Remember emptying your bag on your bed or on your floor like you won the lotto?

Did you sort your riches too? Did you bag them separately? Did you hoard them until the snow melted and they grew stale?

What about candy trading? That’s the ultimate power trip. Especially if you have younger siblings; they–who don’t know the value of select items.

My oldest asks what I’ll give for his Butterfinger.

Yes, even though I am a Mom–the ultimate power figure–I am still subject to candy power. But I brandish it as well.

How?

Candy tax.

Haven’t heard of it?

Candy tax is what you impose for all the help you give on Halloween… basically things you do on other days for free: like fixing dinner, driving kids around town, tucking them in.

It can also be used in the days and weeks after Halloween as a penalty.

Talking back?

Candy tax.

Leaving your laundry on the floor?

Candy tax.

Fighting with your brother.

Candy tax. Times two!

Be creative, parents. The power is yours.

Right now I’m sitting in bed with all the leftover candy from what we gave out.
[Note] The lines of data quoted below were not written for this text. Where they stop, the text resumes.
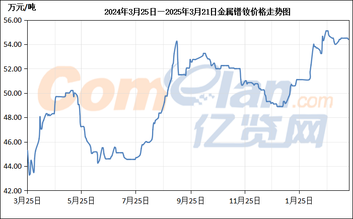 镝铽价格表现各异。镝价格走势平稳,整个周内价格基本保持稳定。下游询单补货量不多,市场供需相对平衡,使得报价也维持稳定。而铽价格则是涨后回落。周初,下游补货情况良好,商家情绪积极,由于市场上低价现货难寻,厂家凭借现货优势报价坚挺,低价出货意愿极低。但到了周中,铽价格开始偏弱运行,下游采购量减少,这可能是因为价格上涨到一定程度后,下游企业的采购能力和意愿受到限制,市场需求出现阶段性调整。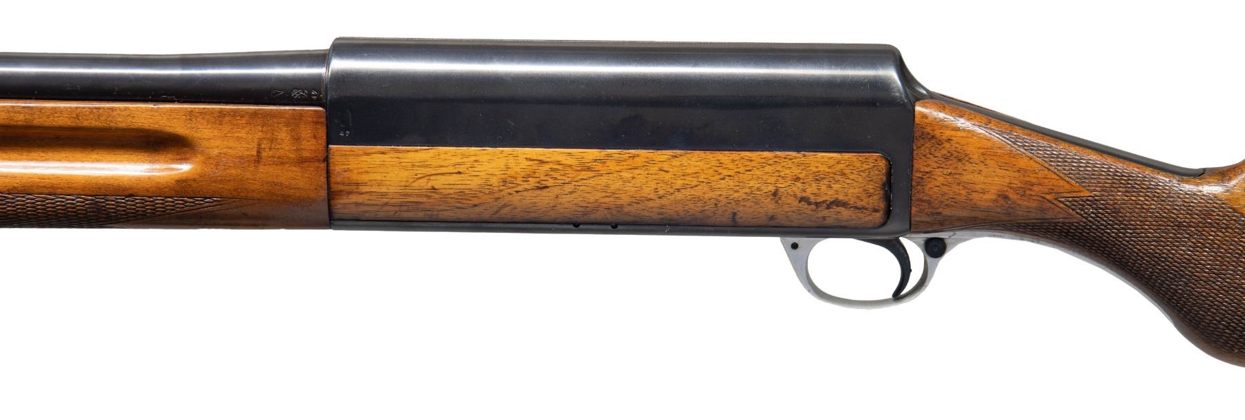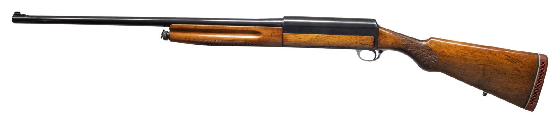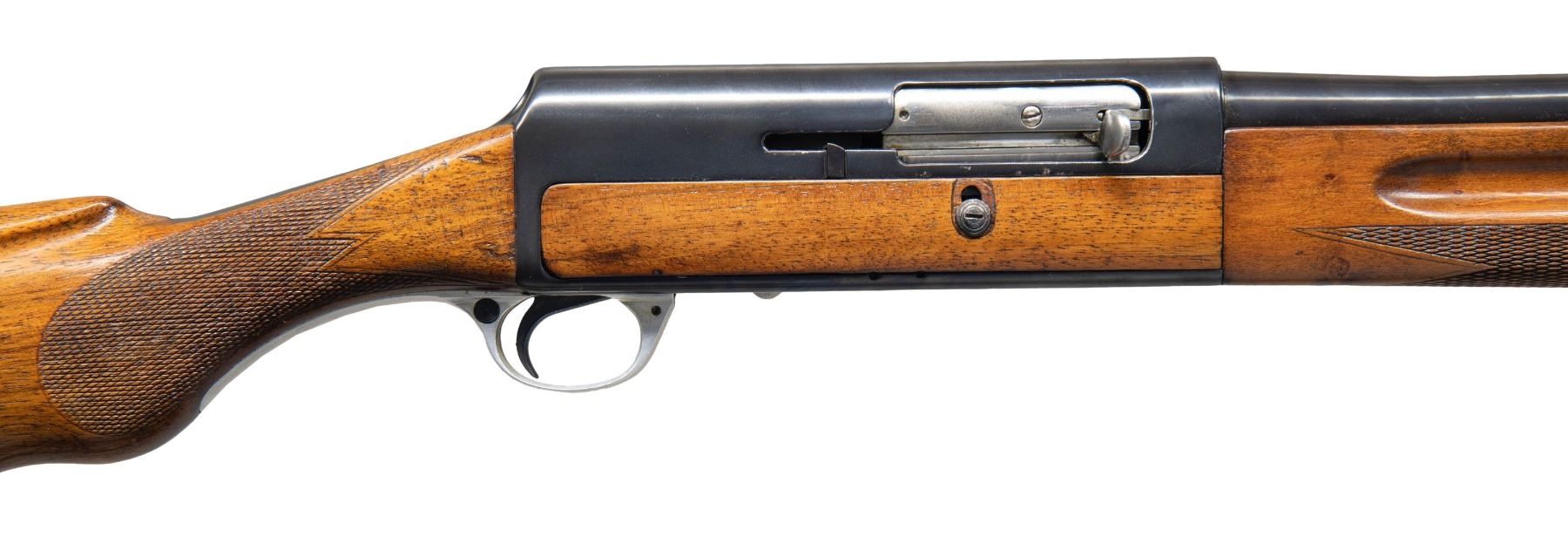 Cal. 20 Ga., 2 9/16". S# 5050. A scarce example of the only semi automatic, 3 shot, shotgun produced by CZ of the Uhersky factory. Developed before World War II as a competitor to the Belgian FN Auto 5 shotgun. After World War II, CZ started producing the finished design around 1946; this shotgun has 1947 Czech proofs. Production was halted in 1949 as the factory stopped producing the shotgun & moved towards producing Vz 48 SMG's. Bbl. 24.5" w/ blade front sight. Bore choke appears to measure Cyl. Alloy long recoil action w/ walnut side panels, sliding button release, & sliding loading gate on bottom. Checkered walnut stock set. Finger grooves on forearm. Semi pistol grip buttstock has added toeline sling stud. LOP: 14 7/8" to added Pachmayr White Line pad. Mag. cap has added swivel. CONDITION: metal has reblued finish showing marks. Sanded & refinished wood shows dings & marks. Shiny bore shows fouling streaks. (25-4451/MD). CURIO. $300-500.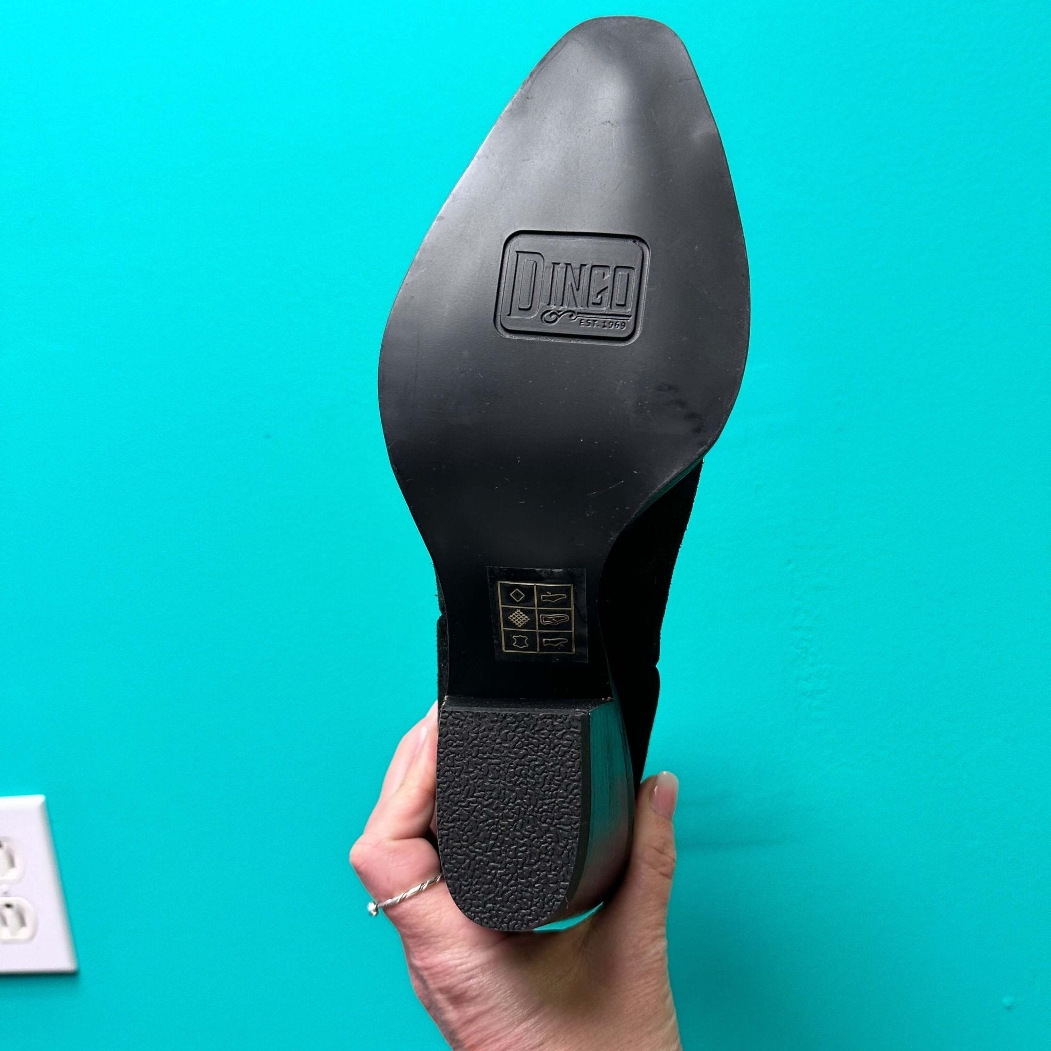Foot: Suede Leather, Shaft Height: 7", Circumference: 12", Heel Height: 2 3/4", Insole: Cushion Comfort Insole, Toe Shape: Narrow, Outsole: Rubber

I call out the favors I need, and kids magically arrive to do them–in exchange for something in the basket.

We negotiate…

No, taking my workout bag upstairs is not worth a Twix bar. I only have one.

What about two tootsie rolls and a mini Milky Way?

…There’s power in candy, people. Tap it.

(And don’t even tell me that you were raised by socialists who made you pour your hard-earned candy into a family bowl to be shared by all.)

Kelly Salasin, November 1, 2011

ps. I eat Fair Trade candy most every other day of the year; and often share.